◆ REQUIRED ACTION: Would you retype exactly the lines below, starting with the one that has "Exklusiver Stringbody mit" and going on through the one that has "One hour before", with no pictures and nothing else?

◆ MATERIAL SUPPLIED:
◇ ◇ ◇
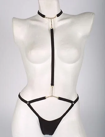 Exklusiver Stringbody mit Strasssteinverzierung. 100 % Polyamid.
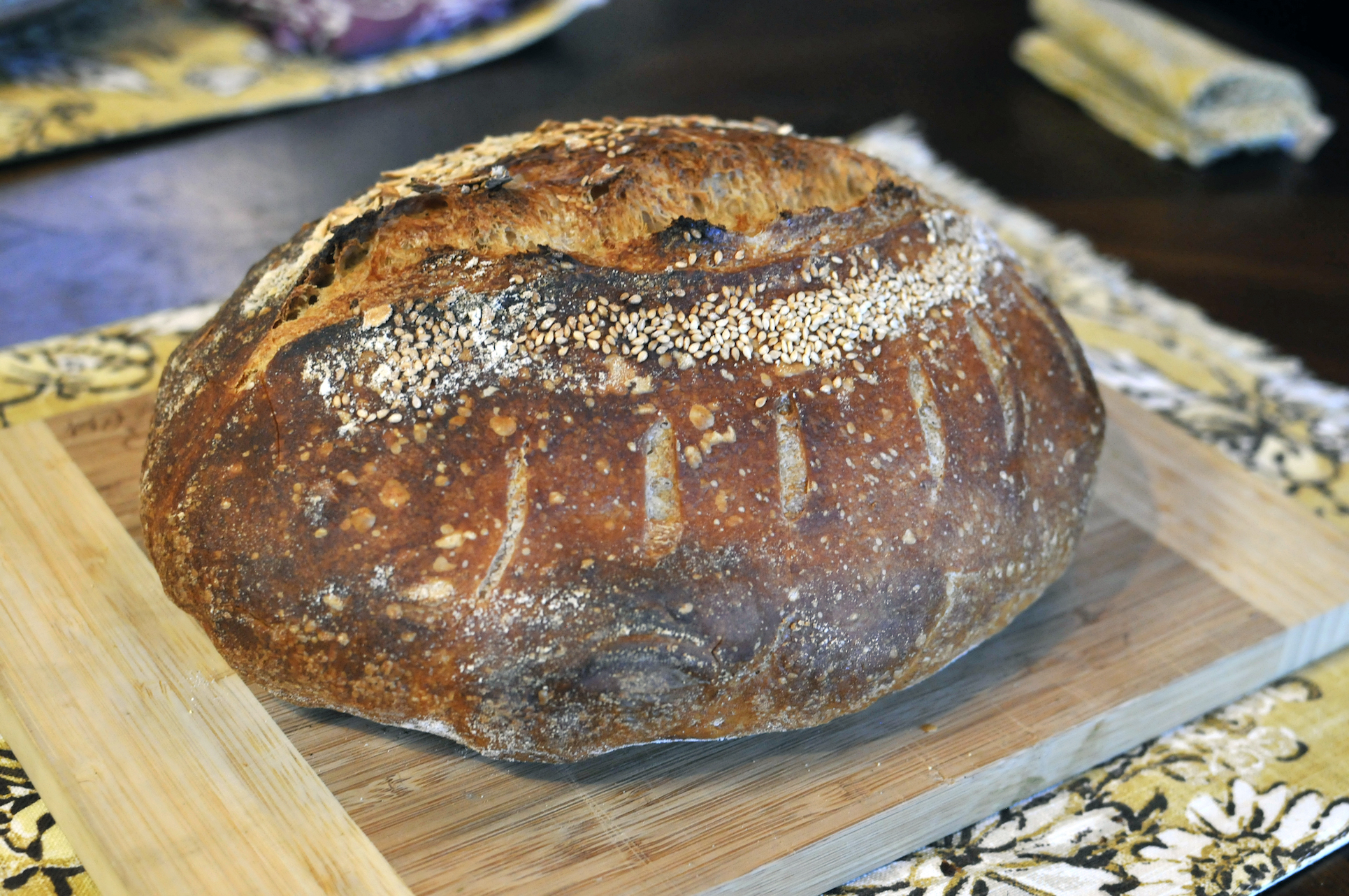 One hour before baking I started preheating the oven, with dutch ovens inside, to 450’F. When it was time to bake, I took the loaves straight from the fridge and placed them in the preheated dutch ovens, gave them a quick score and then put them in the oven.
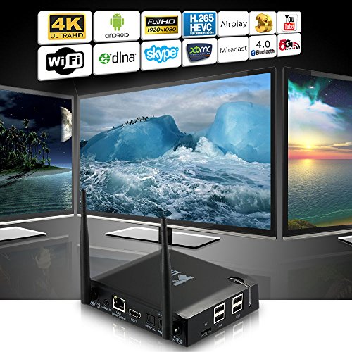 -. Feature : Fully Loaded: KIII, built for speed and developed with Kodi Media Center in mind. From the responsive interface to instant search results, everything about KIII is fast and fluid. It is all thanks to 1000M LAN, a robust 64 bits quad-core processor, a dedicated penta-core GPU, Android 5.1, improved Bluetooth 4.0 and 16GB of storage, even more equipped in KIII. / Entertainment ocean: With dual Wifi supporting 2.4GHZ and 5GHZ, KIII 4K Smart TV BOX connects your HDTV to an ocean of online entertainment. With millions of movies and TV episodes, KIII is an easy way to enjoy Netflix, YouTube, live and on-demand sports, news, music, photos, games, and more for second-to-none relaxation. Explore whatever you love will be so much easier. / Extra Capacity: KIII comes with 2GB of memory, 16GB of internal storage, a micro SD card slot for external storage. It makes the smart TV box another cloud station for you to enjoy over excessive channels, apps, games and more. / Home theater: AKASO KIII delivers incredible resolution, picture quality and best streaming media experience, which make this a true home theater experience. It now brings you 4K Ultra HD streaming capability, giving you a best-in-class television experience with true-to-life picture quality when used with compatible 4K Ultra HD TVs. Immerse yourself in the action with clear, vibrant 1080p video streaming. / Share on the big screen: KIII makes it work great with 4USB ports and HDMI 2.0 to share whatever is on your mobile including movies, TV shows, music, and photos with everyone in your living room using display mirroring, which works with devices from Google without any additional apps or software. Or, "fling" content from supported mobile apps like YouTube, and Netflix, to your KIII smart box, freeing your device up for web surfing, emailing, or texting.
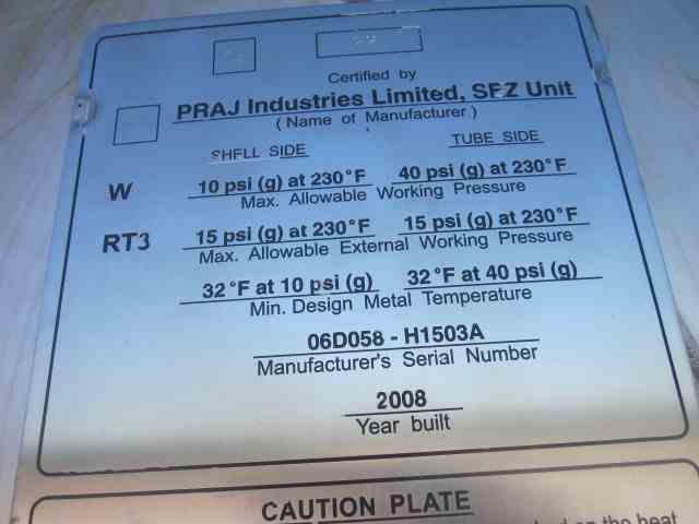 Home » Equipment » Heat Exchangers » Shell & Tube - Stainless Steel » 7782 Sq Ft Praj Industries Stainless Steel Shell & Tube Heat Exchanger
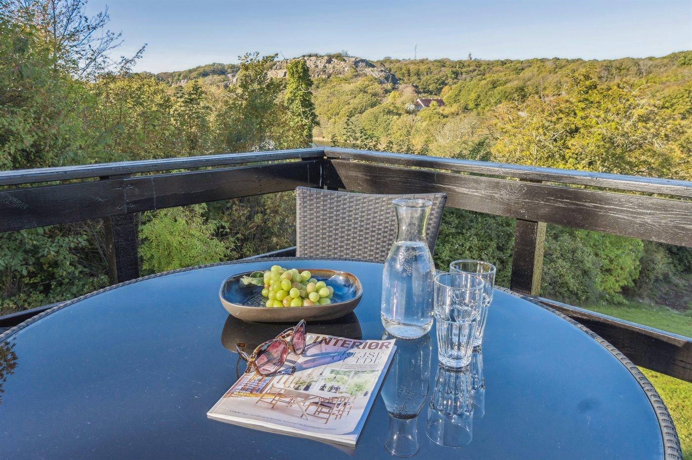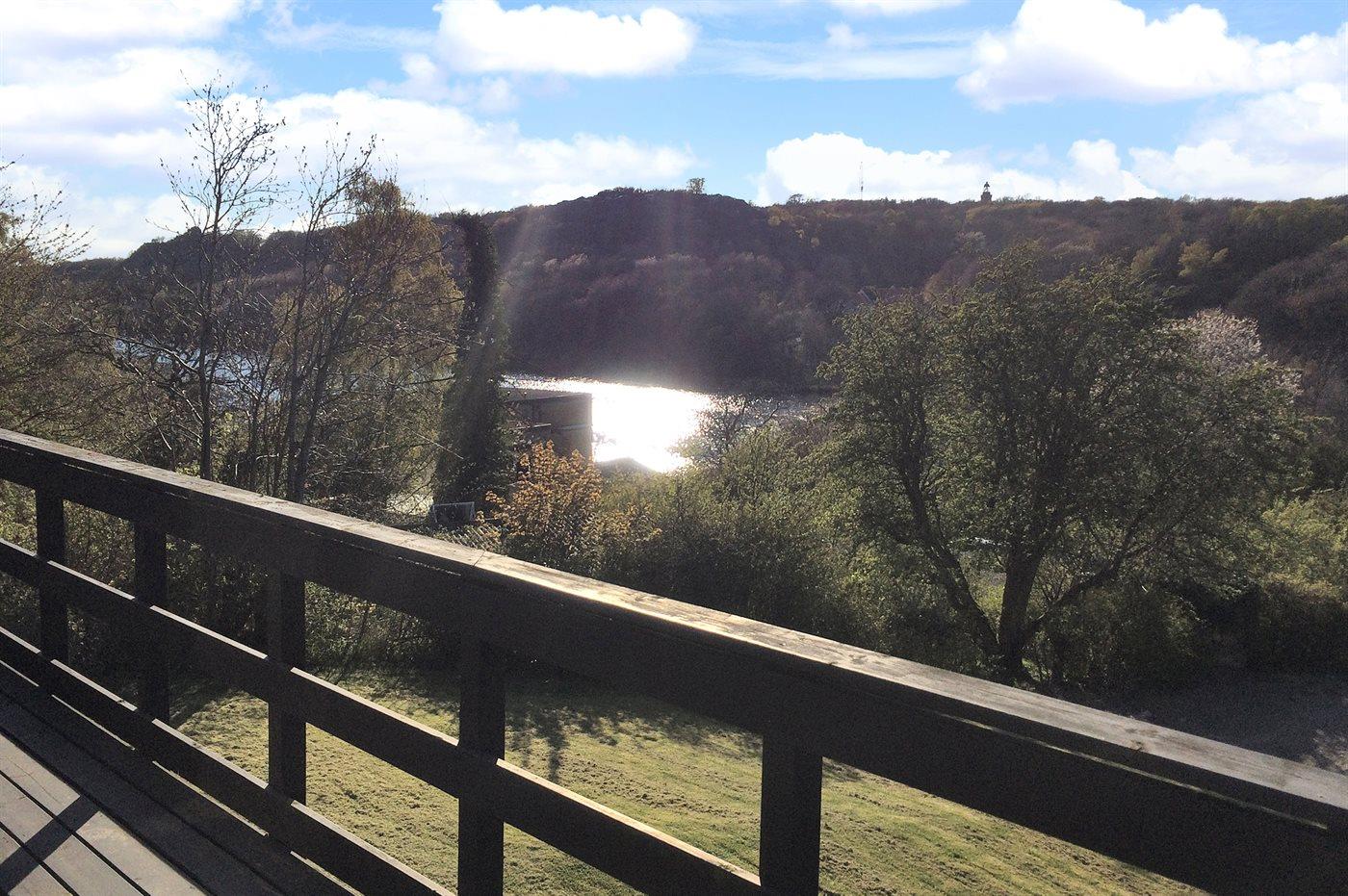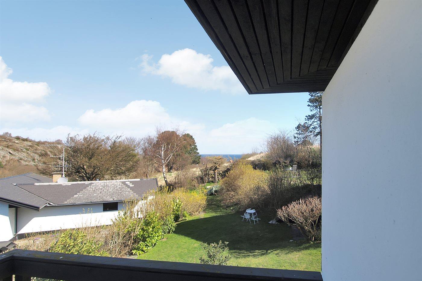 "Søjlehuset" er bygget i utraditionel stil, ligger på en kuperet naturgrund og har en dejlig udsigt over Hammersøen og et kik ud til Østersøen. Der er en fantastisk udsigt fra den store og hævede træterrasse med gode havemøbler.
◇ ◇ ◇
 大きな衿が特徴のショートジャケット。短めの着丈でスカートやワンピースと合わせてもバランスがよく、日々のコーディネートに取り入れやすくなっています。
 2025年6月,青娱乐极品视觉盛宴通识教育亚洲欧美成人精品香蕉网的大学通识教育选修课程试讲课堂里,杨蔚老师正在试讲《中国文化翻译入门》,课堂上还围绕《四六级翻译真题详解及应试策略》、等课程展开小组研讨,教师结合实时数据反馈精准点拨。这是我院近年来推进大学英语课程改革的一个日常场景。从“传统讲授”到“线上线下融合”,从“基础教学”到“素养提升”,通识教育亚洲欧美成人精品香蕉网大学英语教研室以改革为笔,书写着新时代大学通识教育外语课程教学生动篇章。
◇ ◇ ◇
◆ YOUR RESPONSE:
 Exklusiver Stringbody mit Strasssteinverzierung. 100 % Polyamid.
 One hour before baking I started preheating the oven, with dutch ovens inside, to 450’F. When it was time to bake, I took the loaves straight from the fridge and placed them in the preheated dutch ovens, gave them a quick score and then put them in the oven.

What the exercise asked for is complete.